▶ **Exercise prompt**
Transcribe every entry below word for word, but skip the pictures.

= = = =

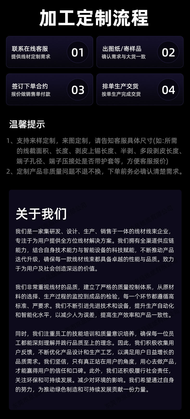 主营产品或服务: UL电子线; 硅胶线; 铁氟龙线; 彩排线; 护套线; 电源线; 低烟无卤电线; 汽车线束; 1007; 1015; 2468; 2464; 1332; 10064; 2725; 2547; 1569; RV; RVB; RVV;
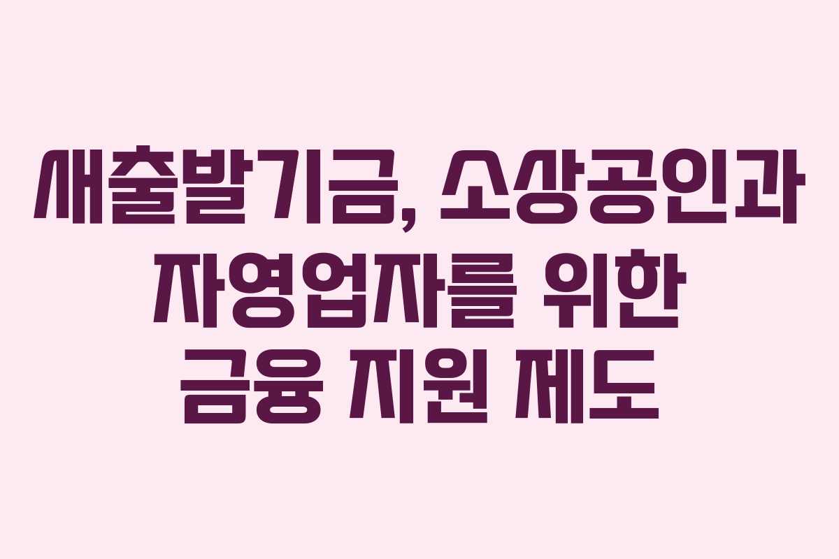 새출발기금, 소상공인과 자영업자를 위한 금융 지원 제도
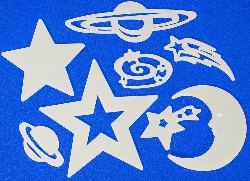 świecące naklejki do dekoracji, materiał sam absorbuje energię świetlną w ciągu dnia i dzięki temu może świecić w nocy, 9 szt.
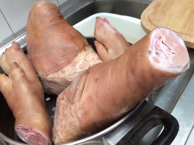 1. ล้างขาหมูให้สะอาด ถอนขนที่อาจยังมีเหลือ ผึ่งให้แห้ง
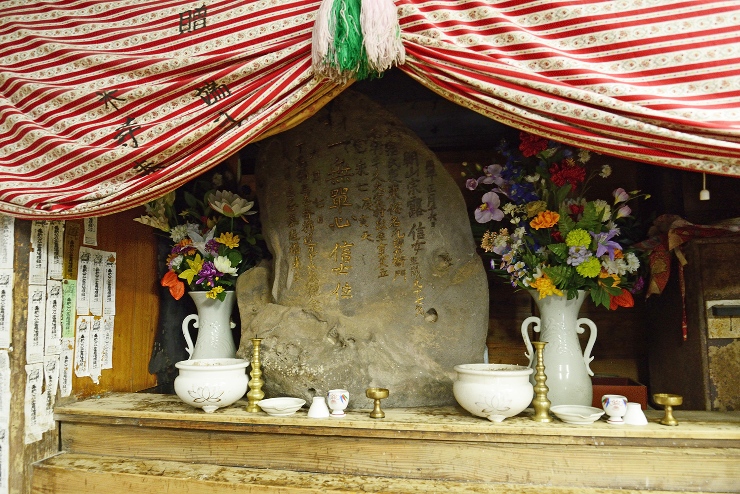 旧の3月21日はお大師さんの日ですが、特別な接待はありません。おばあさんたちが集まって普段するようにご詠歌をあげたりするだけだそうです。この地蔵堂は50年ほど前、県道を作るということで、そっくりそのまま今の位置に移動したそうです。その際、1間ほど小さくなりました。
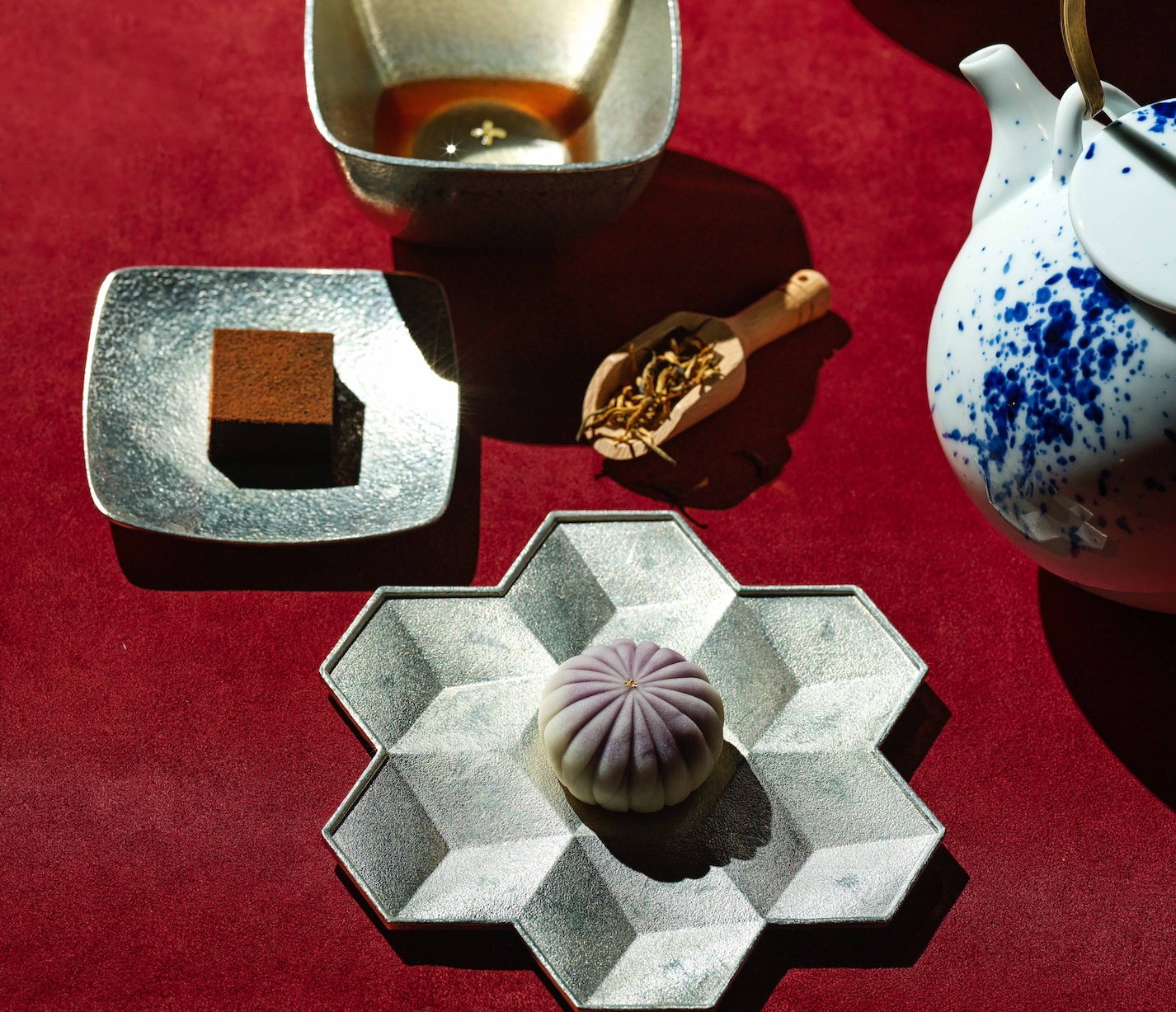 尾聲的「結好果」,以如抽籤般隨機登場的茶點收尾。鐵觀音生巧克力、冰洛神梅練切、草莓優格大福等,以和菓子技法結合華人飲茶文化,讓每一位離席的賓客,都帶著一份獨屬自己的味覺記憶離開。
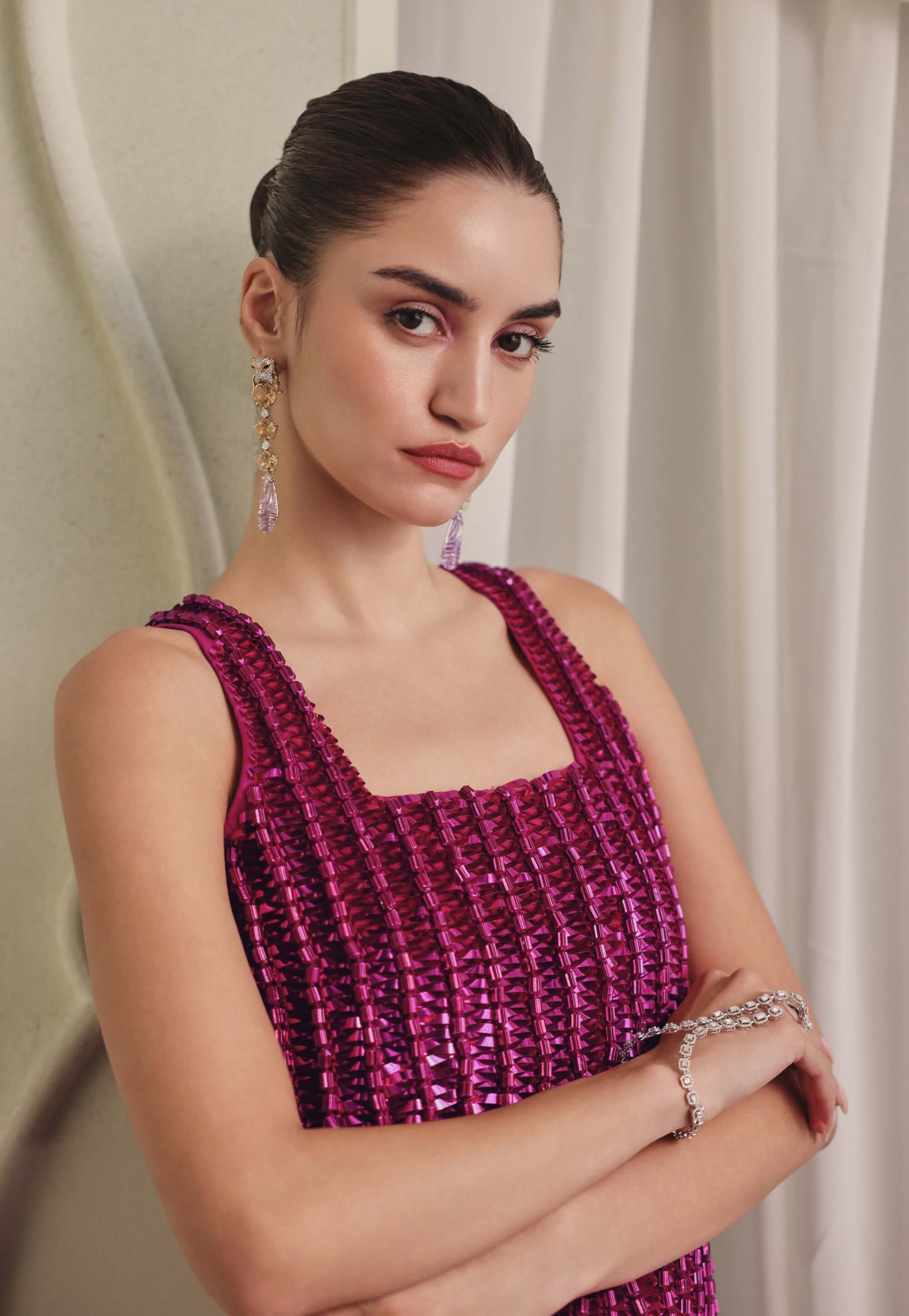 Sculptural and striking, this magenta mini dress shimmers with intricate ribbon-sequin embroidery. With its structured silhouette and bold square neckline, it’s a modern icon for cocktail nights and statement soirées.
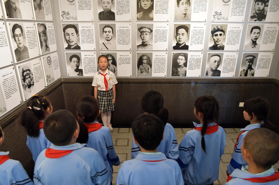 在井冈山革命烈士陵园,“小红军宣讲团”的成员周煜菡给前来参观研学的学生们进行义务讲解(5月12日摄)。新华社记者 彭昭之 摄
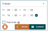 Puedes definir hasta dos franjas horarias distintas por día, asegurándote de que exista un intervalo entre ambas (no pueden ser continuas).
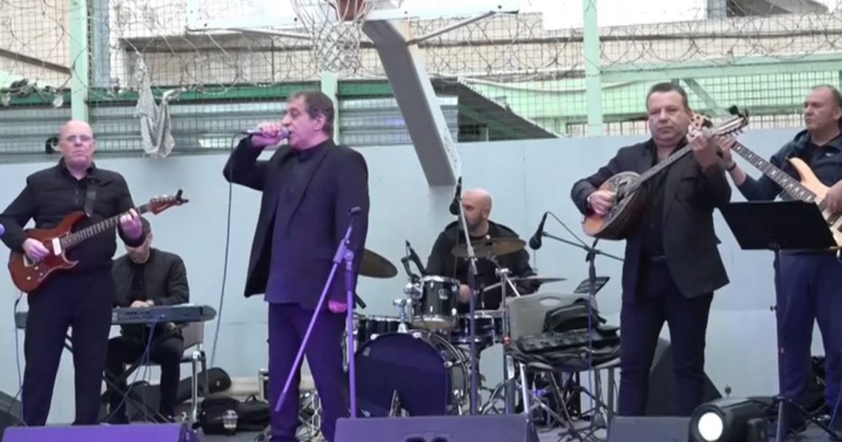Στον προαύλιο χώρο των φυλακών του Κορυδαλλού τραγούδησε ο Θέμης Αδαμαντίδης και μεταξύ των θεατών μέσα από το κάγκελα του κελιού της ήταν και η Ειρήνη Μουρτζούκου.

= = = =

▶ **Solution to this exercise**
 主营产品或服务: UL电子线; 硅胶线; 铁氟龙线; 彩排线; 护套线; 电源线; 低烟无卤电线; 汽车线束; 1007; 1015; 2468; 2464; 1332; 10064; 2725; 2547; 1569; RV; RVB; RVV;
 새출발기금, 소상공인과 자영업자를 위한 금융 지원 제도
 świecące naklejki do dekoracji, materiał sam absorbuje energię świetlną w ciągu dnia i dzięki temu może świecić w nocy, 9 szt.
 1. ล้างขาหมูให้สะอาด ถอนขนที่อาจยังมีเหลือ ผึ่งให้แห้ง
 旧の3月21日はお大師さんの日ですが、特別な接待はありません。おばあさんたちが集まって普段するようにご詠歌をあげたりするだけだそうです。この地蔵堂は50年ほど前、県道を作るということで、そっくりそのまま今の位置に移動したそうです。その際、1間ほど小さくなりました。
 尾聲的「結好果」,以如抽籤般隨機登場的茶點收尾。鐵觀音生巧克力、冰洛神梅練切、草莓優格大福等,以和菓子技法結合華人飲茶文化,讓每一位離席的賓客,都帶著一份獨屬自己的味覺記憶離開。
 Sculptural and striking, this magenta mini dress shimmers with intricate ribbon-sequin embroidery. With its structured silhouette and bold square neckline, it’s a modern icon for cocktail nights and statement soirées.
 在井冈山革命烈士陵园,“小红军宣讲团”的成员周煜菡给前来参观研学的学生们进行义务讲解(5月12日摄)。新华社记者 彭昭之 摄
 Puedes definir hasta dos franjas horarias distintas por día, asegurándote de que exista un intervalo entre ambas (no pueden ser continuas).
Στον προαύλιο χώρο των φυλακών του Κορυδαλλού τραγούδησε ο Θέμης Αδαμαντίδης και μεταξύ των θεατών μέσα από το κάγκελα του κελιού της ήταν και η Ειρήνη Μουρτζούκου.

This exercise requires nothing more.